Слова кончились.
Утешать его не хотелось.
Себя — тем более.
Мы, не сговариваясь, молча сели в пышную траву. Устало привалились спинами друг к другу.
На моих губах блуждала непонятная улыбка. Зубы теребили кончик какой-то травинки. А глаза уныло уставились на всё ту же сосну, словно фотографируя её на память… Хотя бы её.
Что происходило с физиономией Митрича, мне было неведомо. Могу ручаться лишь за то, что самая хлипкая мышца его спины, ниже левой лопатки, противно дёргалась; остальные, напротив, закаменели.
Неспешный ветерок лениво копался в наших волосах, наверняка задавшись целью отыскать хоть какое-то подобие мыслей. Безрезультатно.
Вместо мыслей толпились одни обрывочные воспоминания. О пройденном пути. О невесть куда канувшей деревне Забродье… Правда, потом одна мыслишка всё же прихромала. Такая же неказистая и суетливая, как и мой собеседник.
«А что теперь с Митричем прикажете делать, барин?»
Решение, напротив, было величавым и неспешным, Выплыло белым лебедем.
«Что делать — что делать… Куда ж его девать, бедолагу? Как есть — будет сын полка. Хоть и переросток».
…Прошлое опять напомнило о себе осязаемым рваным куском, с которого так и капал жизненный сок.
— Фамилия, имя, отчество?
— Дымов Алексей Алексеевич, — устало отвечал я.
— Охарактеризуйте себя адекватно самовосприятию.
— Ну-у… Значит так… Довольно упитанный рослый детина… Немножко лучше себе подобных… В прошлой жизни был Ангелом… Разжалован за ненужную инициативу.
— Как оцениваете свой уровень подготовки?
— Самой последней цифрой…
— Сколько человек в вашей спецгруппе?
— Уже нисколько…
— Вы согласны участвовать в проекте «Вечная Война»?
— Да! Согласен…
Лампа наконец-то погасла. Вселенная погрузилась во мрак.
Это уже потом был рискованный и авантюрный поход сквозь незнакомую враждебную территорию. Вечный поход одиночки неизвестно куда сквозь непонятно что. Дело было после.
А вначале, как и водится, было — Слово.
И этим Словом было судьбоносное «Да!».
Интересно, отверг бы я соблазн, зная правду о том, куда ведёт предложенный нанимателями маршрут?
Надеюсь, что… никак НЕТ.
Человеку, вступившему на Путь Воина, с него не сойти. Иначе — какой же он Воин?
Верю, что Я в этом Походе не случайный путник. Боги Войны меня любят.
Ночь сегодня, похоже, не собиралась сворачивать чёрные покрывала. Наоборот, укрыла и без того редкие мерцающие звёзды, перестелила свою постель и разметала на ней бесформенное тело. Задышала размеренно этой мглой, всякий раз выдыхая знойный липкий воздух. И мысли постовых о рассвете напоминали мольбу. Бесполезную, вязнущую в ночном небе.
А спустя полчаса, перед самым наступлением рассвета, ожидаемым долго и с нетерпением, они подверглись нападению с неожиданной стороны.
На этот раз атаковали сверху.
Резкий порыв ветра, ворвавшись в стройные ряды палаток, почти сразу же сменился шквальным ливнем.

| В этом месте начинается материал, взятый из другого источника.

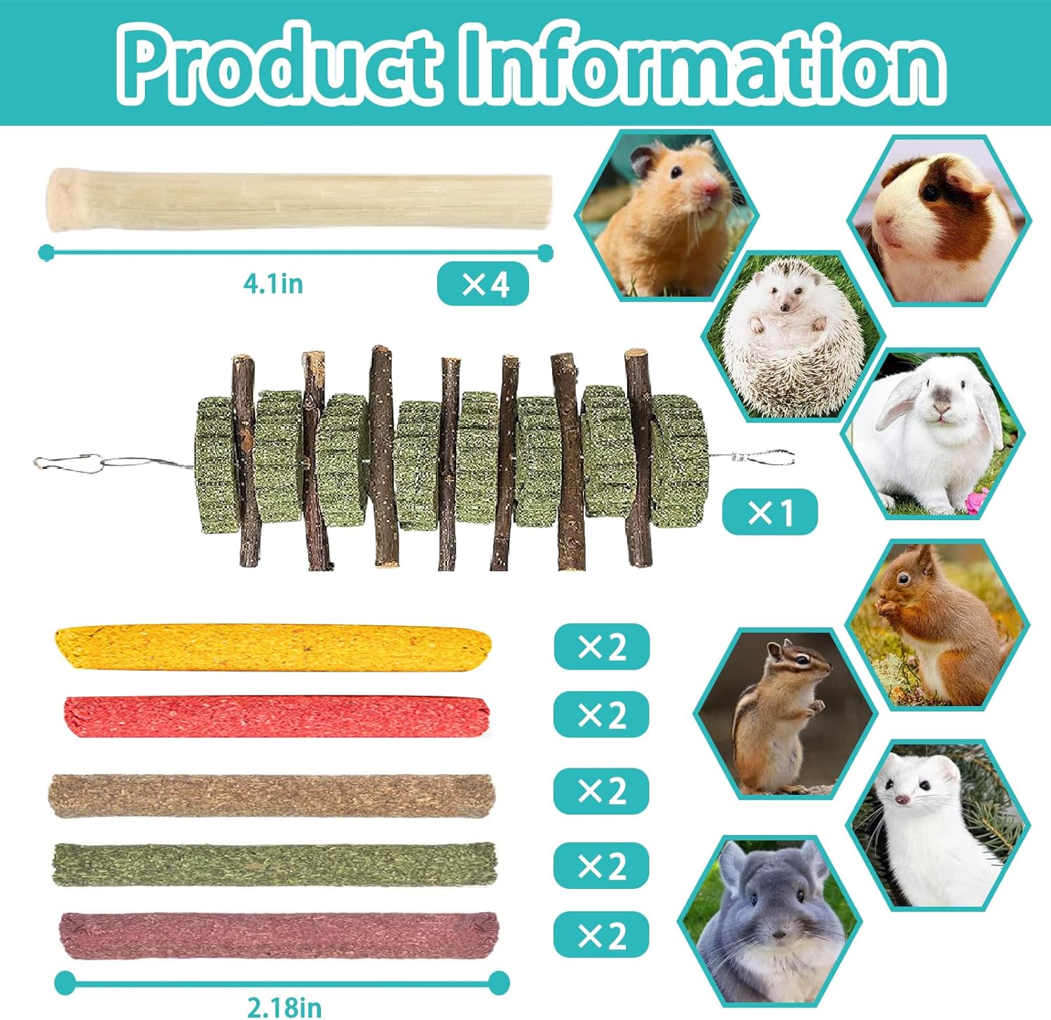 - 【Perfect Gift】: The rabbit chew toys for teeth are suitable for various small pets such as guinea pigs, hamsters, and chinchillas. Chewing toys not only maintain the health of pets' teeth and bodies, but also serve as an effective way for pets to relieve anxiety and stress, contributing to their psychological well-being. They are an ideal choice for pet owners when selecting toys for their pets.

Дождь, казалось, задался целью — взять штурмом военный лагерь римлян. Он с ожесточением забарабанил по бело-жёлтым спинам палаток, сшитых из козлиных шкур. Стенки восьмиместных папилио и в самом деле трепетали, как крылья бабочек, ударяясь о деревянные рамы, будто старались вырвать из земли колышки, удерживающие канаты.
Тиций, принцип четвёртой центурии Второго легиона, откинув полог палатки, ворвался внутрь, сопровождаемый струями воды. Выругался. До конца его смены — четвертой вигилии, знаменующей окончание ночи, — оставалось не так и много. А поди ж ты…
— А?! Что?! — вскинулся возле него боевой товарищ Лацио. — Тревога?
— Нет, спи… Везунчик. Всё нормально, если не считать дождь.
Тщательно выделанные и специальным способом пропитанные козлиные шкуры без труда справлялись с обрушившимися с неба потоками воды. Струи, охватив крутые натянутые бока палаток, стекали наземь и уносились мутными ручейками по предусмотрительно выкопанным в почве отводным каналам.
Тиций сноровисто ухватил кожаную накидку, позабытую им в палатке, и выбежал под ливень. Трое постовых, ненадолго оставленных им, делали вид, что не замечали его отсутствия.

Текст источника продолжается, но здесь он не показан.